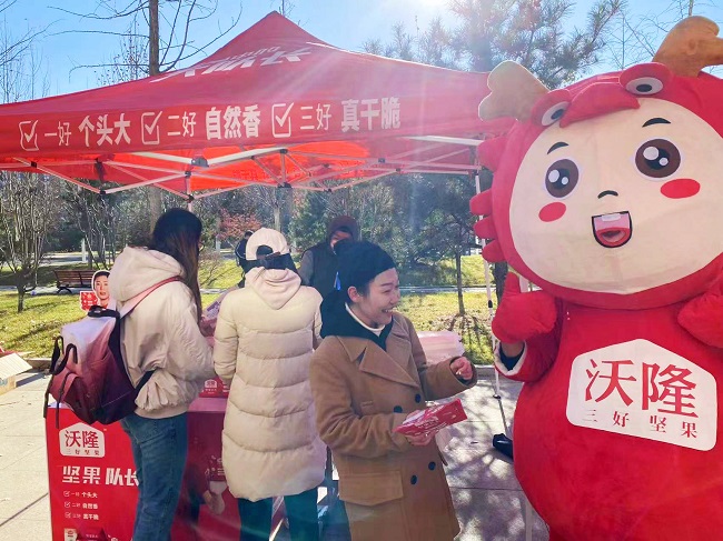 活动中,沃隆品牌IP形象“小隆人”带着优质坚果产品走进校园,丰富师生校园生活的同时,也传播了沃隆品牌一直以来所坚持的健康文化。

--

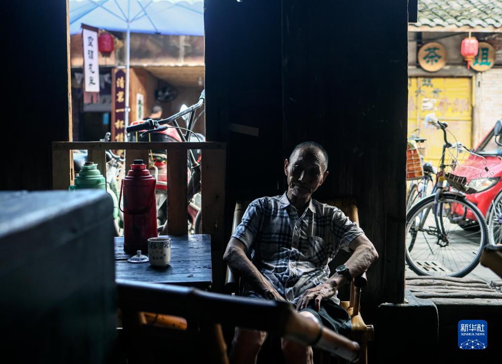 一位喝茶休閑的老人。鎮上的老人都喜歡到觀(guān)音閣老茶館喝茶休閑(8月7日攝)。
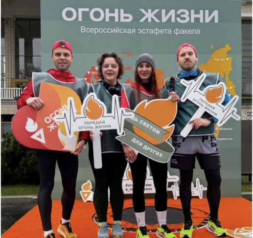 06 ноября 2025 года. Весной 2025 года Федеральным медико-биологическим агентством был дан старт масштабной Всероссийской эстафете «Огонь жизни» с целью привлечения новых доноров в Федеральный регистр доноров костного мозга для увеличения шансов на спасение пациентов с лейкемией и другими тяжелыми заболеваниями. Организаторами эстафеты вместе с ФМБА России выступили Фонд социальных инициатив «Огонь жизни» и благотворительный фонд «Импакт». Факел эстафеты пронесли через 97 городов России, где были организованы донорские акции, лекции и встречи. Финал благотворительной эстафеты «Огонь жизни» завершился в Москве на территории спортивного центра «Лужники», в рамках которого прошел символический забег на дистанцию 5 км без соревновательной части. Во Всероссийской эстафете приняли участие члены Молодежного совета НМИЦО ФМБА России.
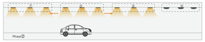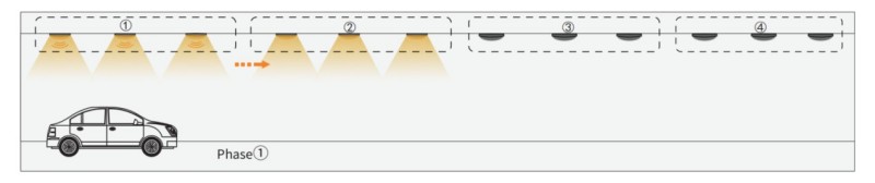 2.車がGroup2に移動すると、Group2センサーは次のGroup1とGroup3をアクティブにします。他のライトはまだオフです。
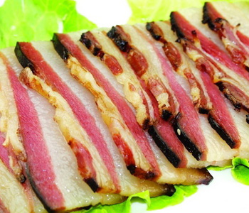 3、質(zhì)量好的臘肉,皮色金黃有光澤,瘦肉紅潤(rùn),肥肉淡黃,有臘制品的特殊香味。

* * *

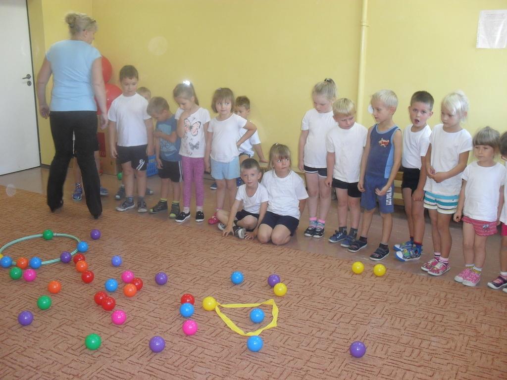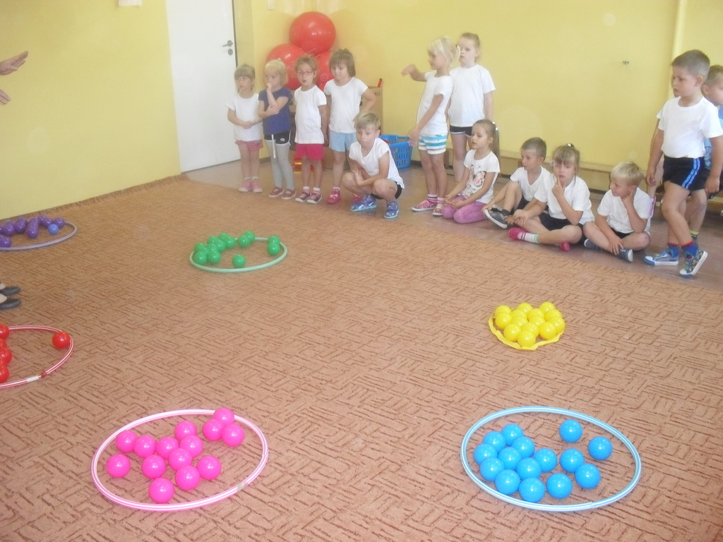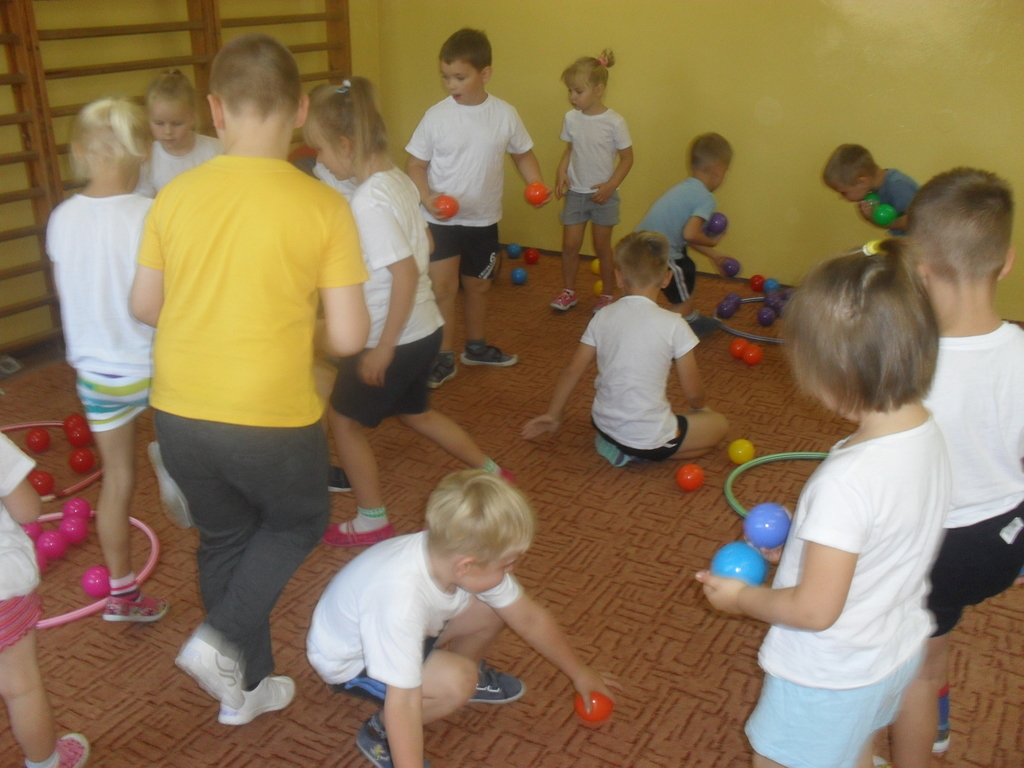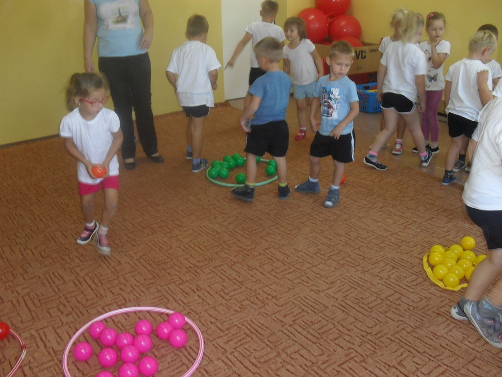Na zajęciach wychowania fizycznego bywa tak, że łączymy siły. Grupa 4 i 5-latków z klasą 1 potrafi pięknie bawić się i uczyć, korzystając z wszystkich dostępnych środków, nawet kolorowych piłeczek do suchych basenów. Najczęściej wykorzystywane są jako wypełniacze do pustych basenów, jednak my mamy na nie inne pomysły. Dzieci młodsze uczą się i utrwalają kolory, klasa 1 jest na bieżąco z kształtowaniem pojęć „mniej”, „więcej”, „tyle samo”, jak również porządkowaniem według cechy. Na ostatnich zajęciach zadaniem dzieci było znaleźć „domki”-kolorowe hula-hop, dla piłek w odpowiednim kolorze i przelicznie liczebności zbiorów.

**TASK TO CARRY OUT**: Drop the pictures; return the lines above from the line containing "2.車がGroup2に移動す" to the line containing "3、質(zhì)量好的臘肉,皮色金黃有光", both included, exactly.

**OUTPUT OF THE EXERCISE**:
 2.車がGroup2に移動すると、Group2センサーは次のGroup1とGroup3をアクティブにします。他のライトはまだオフです。
 3、質(zhì)量好的臘肉,皮色金黃有光澤,瘦肉紅潤(rùn),肥肉淡黃,有臘制品的特殊香味。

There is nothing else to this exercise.